Der „Hugenschreiner“ ist neunzig geworden

Oberkochen. Er pflegt feste Bande zu Kolping, zum Freundeskreis „Bagage“ und sein Faible gehört seit eh und je dem Handwerk. Rudolf Hug, in Oberkochen bekannt als „Hugenschreiner“, ist dieser Tage 90 Jahre alt geworden.
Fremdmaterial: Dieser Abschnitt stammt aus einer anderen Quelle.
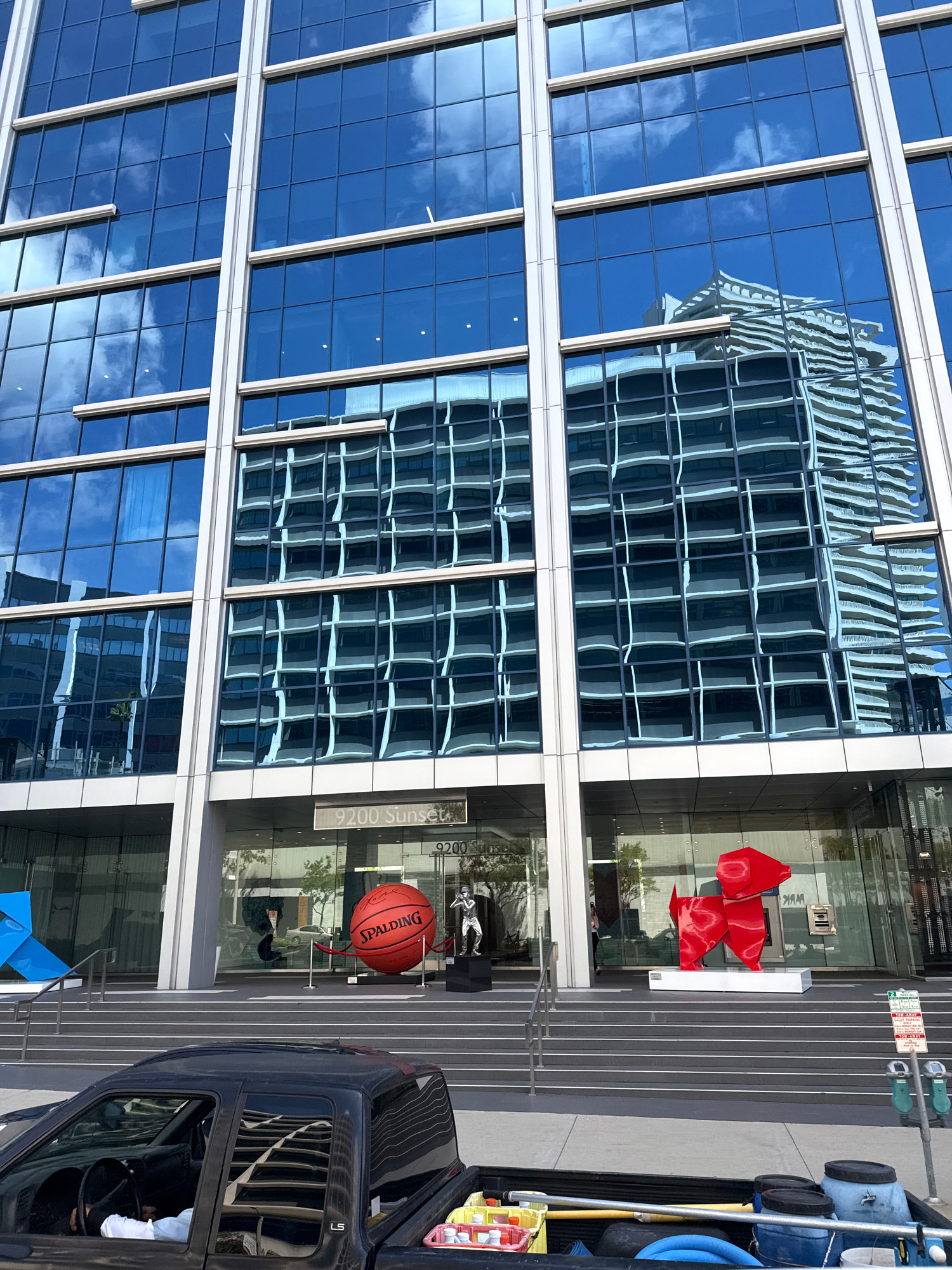 The image captures the entrance of the building at 9200 Sunset Boulevard in West Hollywood, USA. A modern glass-fronted building reflects an adjacent structure in its windows. The building's entrance…read more
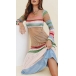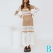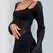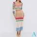 Fashion Contrast Color Knitted Hollow Out Midi Dress

Schreinern, das war neben seiner Gattin Hilde stets seine große Liebe, ein Handwerker von echtem Schrot und Korn, der in Oberkochen mit seiner humorvollen Art beliebt ist. Viele Kunden hat er mit seinen kreativen Möbelstücken verzaubert. Seine Lehre begann er 1947 bei der Schreinerei Karl Fischer. Bei der Gesellenprüfung 1950 gab's einen Preis.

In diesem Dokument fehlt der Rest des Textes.